Now is not the time to weigh in on the debates on AI in the classroom, or in TV writers’ rooms, or whether we should make a law that all AI-generated content identify itself as such. Let’s simply lay out two requirements for generative AI to be effective:
1/ The output isn’t rocket science, but a lot of human time is wasted in creating it. Consider customer service, which has been experimenting with AI chatbots for a while, though now it seems like they may finally become useful (there are a number of startups like Ada whose whole business is AI-driven customer interactions). Customer service agents answer the same questions repeatedly, and the set of facts they need at their fingertips is small (relatively speaking) and usually documented in a centralized place–perfect for training a language model.
But beyond service jobs, which are assumed to be fairly mechanical, it turns out a lot of white-collar professions involve grunt work that can be automated. Ask a lawyer how much time they spend on repetitive tasks. Or a data scientist on running routine analysis. Even college professors are thinking they should just get ChatGPT to write their student recommendation letters for them.
I think the headline is that these workers–both on the service and professional side–are going to be more productive with AI, rather than made obsolete. Claims that a new technology will replace humans is an old fear, but there are a lot of counterexamples where new tech ended up as a net good. There were more bank tellers after the widespread rollout of ATM’s, because banks expanded what they offered and their employees were able to focus on services that required a human touch. My former professor Erik Brynjolfsson found that call center operators became 14% more productive when they used AI as a partner, with gains of over 30% for the least experienced workers.

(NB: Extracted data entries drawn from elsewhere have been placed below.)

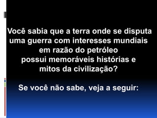O documento descreve a importância histórica e bíblica do Iraque, mencionando que a Mesopotâmia, onde hoje é o Iraque, foi o berço da civilização e cena de muitos eventos bíblicos, como a história de Noé e a Torre de Babel. Além disso, o Iraque é o segundo país mais mencionado na Bíblia, depois de Israel.
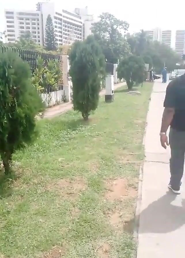 man walking on a sidewalk next to a street with traffic. The man is wearing a black shirt, gray pants, and black and white shoes. He is walking away from the camera and holding something white in his right hand. The sidewalk is made of concrete and there is grass and trees on the other side of the sidewalk. There is a tall building in the background. The sky is overcast.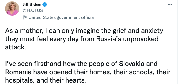 "Вместе мы едины для Украины. Надеюсь, находясь здесь, я смогу передать миру, насколько их сила и стойкость вдохновляют мир, и напомнить им, что они не одиноки", - написала супруга Байдена.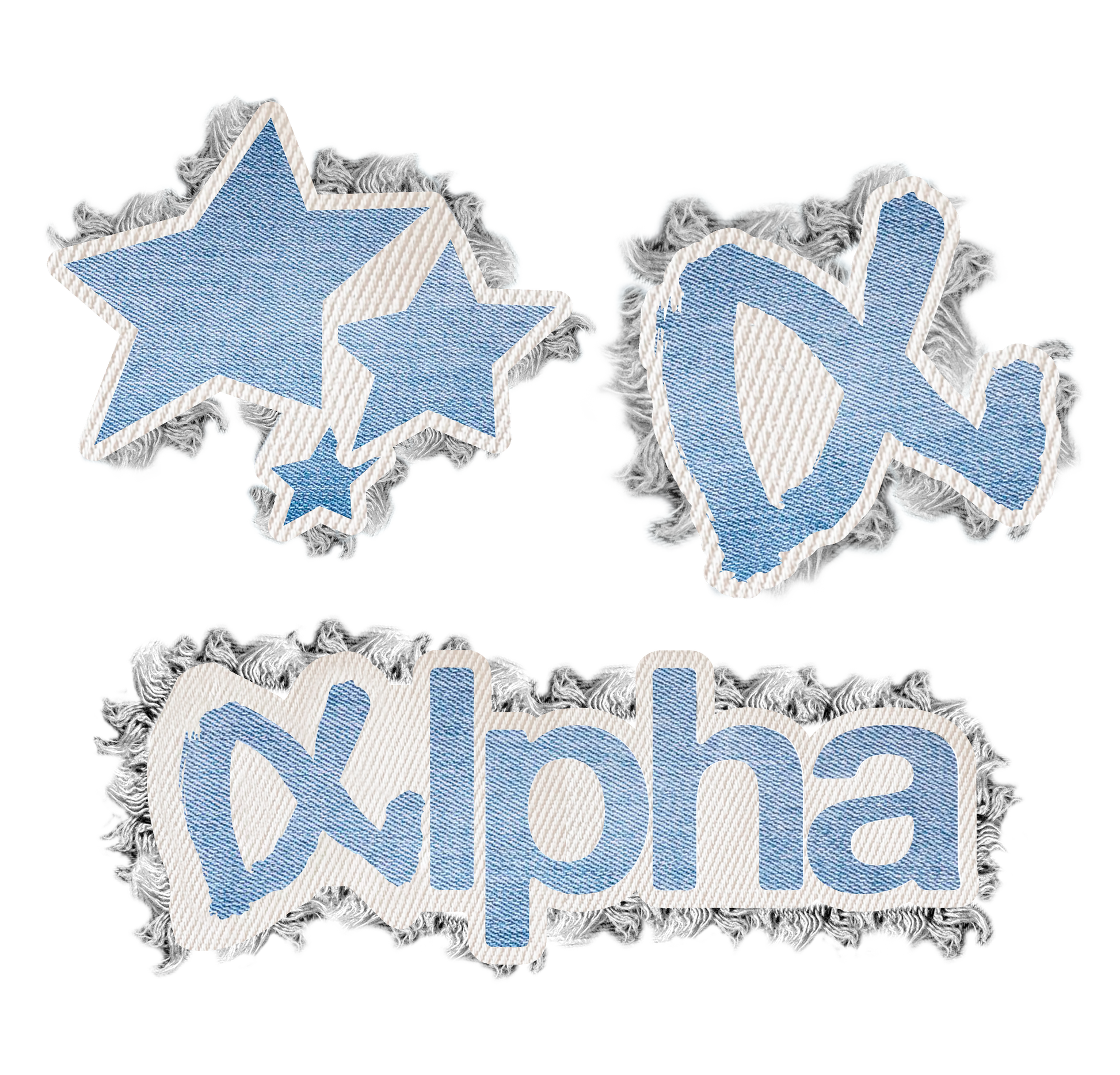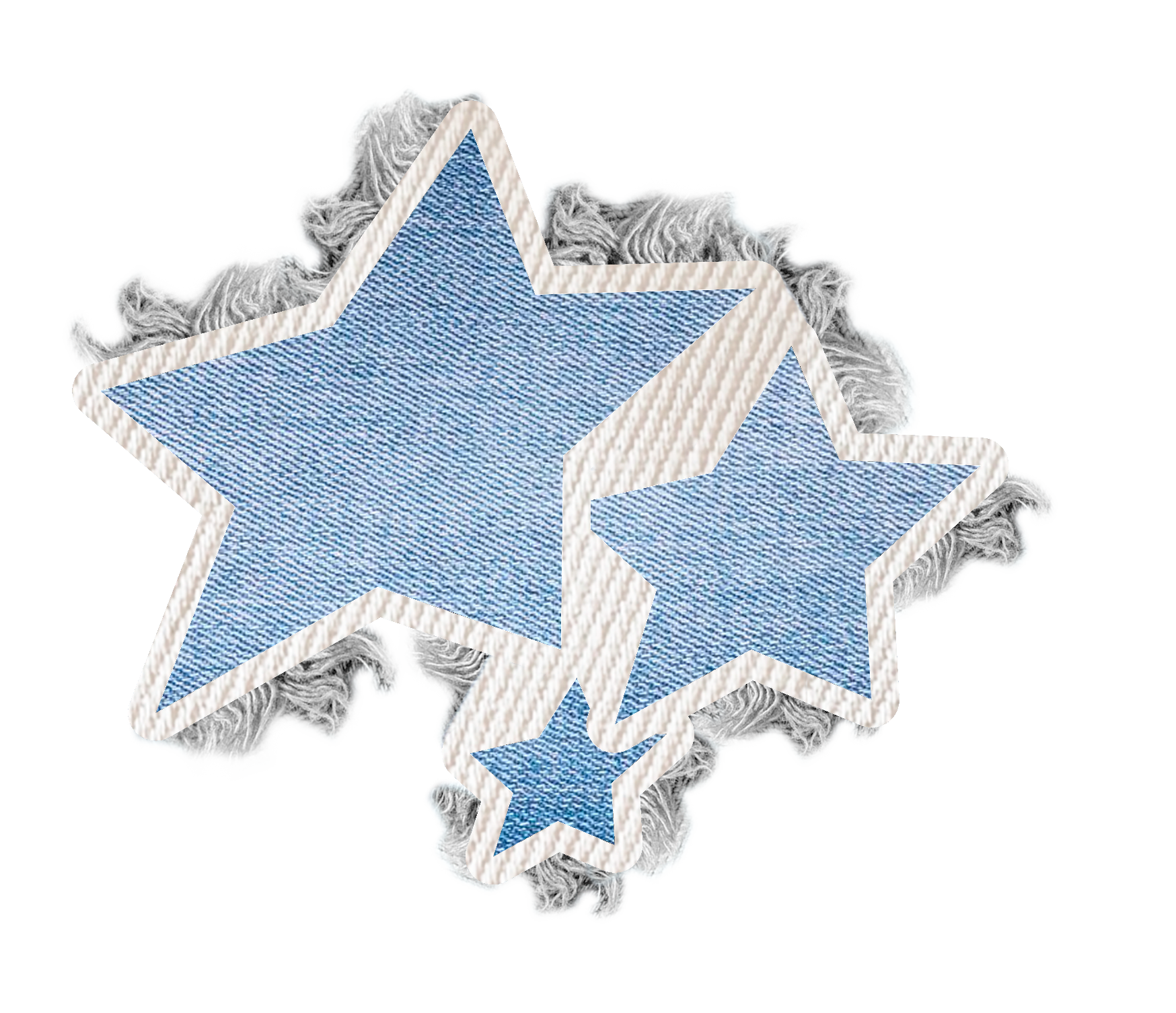 Set de 3 parches exclusivos denim con bordes deshilachados.

For another example, let’s talk about software developers. It turns out ChatGPT can churn out fairly good code based on plain language input. The real skill, hard to replicate with AI, is the inspiration, the idea, or the architecture, but the execution–the actual code writing–is a great candidate for automation. This is why, of all areas that generative AI seems poised to disrupt, software developers seem the most excited about being disrupted.
2/ Potential errors are low-risk or easily caught. We may someday get to the point where AI can write perfect code, execute it, and cut the engineer out of the process entirely. But we’re not there yet, and maybe there’s no hurry to get there. Even if AI-written code isn’t perfect (and it rarely is on the first go), the good news is it takes very little time to verify its correctness–just run the code and see what happens, and then fix (or get the AI to fix) the errors that come up.

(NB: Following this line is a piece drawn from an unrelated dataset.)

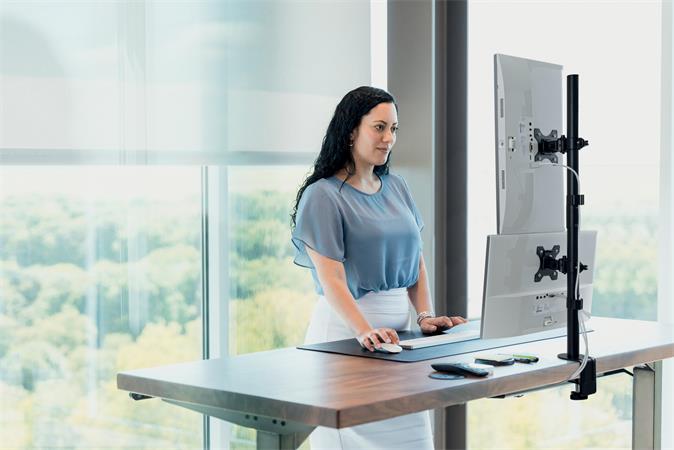 A Vertical Stacking Dual Monitor Arm két monitor stabil és biztonságos függőleges elhelyezését kínálja.

You can imagine other functions where there is a buffer between the AI and the end product in the form of an actual human–copywriting, marketing campaigns, education, and so on. If skilled employees can outsource monotonous work, freeing them up to focus on work that is more interesting and intellectually-challenging, you have an environment where AI adoption feels like an accelerant, as opposed to a robot takeover.

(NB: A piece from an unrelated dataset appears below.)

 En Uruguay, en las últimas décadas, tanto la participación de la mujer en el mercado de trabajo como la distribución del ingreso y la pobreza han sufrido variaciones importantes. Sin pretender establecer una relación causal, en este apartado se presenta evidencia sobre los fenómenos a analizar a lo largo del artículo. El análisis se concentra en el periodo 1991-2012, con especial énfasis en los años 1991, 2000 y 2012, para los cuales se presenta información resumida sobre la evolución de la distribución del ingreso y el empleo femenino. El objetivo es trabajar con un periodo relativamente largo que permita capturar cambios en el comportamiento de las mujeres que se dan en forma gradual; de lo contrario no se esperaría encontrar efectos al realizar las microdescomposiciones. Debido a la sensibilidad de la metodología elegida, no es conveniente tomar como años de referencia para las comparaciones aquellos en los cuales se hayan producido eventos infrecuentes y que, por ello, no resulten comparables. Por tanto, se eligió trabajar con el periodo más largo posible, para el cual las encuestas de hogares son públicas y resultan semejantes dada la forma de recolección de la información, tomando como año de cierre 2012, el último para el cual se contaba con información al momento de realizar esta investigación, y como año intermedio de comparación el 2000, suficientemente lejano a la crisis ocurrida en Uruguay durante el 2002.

Given AI’s known biases and tendency to hallucinate, it remains too risky in most cases to entrust these generative models with too much of your reputation or revenue potential. There are AI startups working on narrow use cases for AI that purposely limit what types of questions it can answer or content it can create, which may help minimize risk.
The best approach is to treat AI as a tool rather than a surrogate employee. Maybe I’ll eventually be proved too conservative in my thinking, and we really are on the cusp of a fundamental disruption of work and life. But in the meantime, build new models where you can, integrate generative AI where it makes sense, but be sure to ask questions and question answers.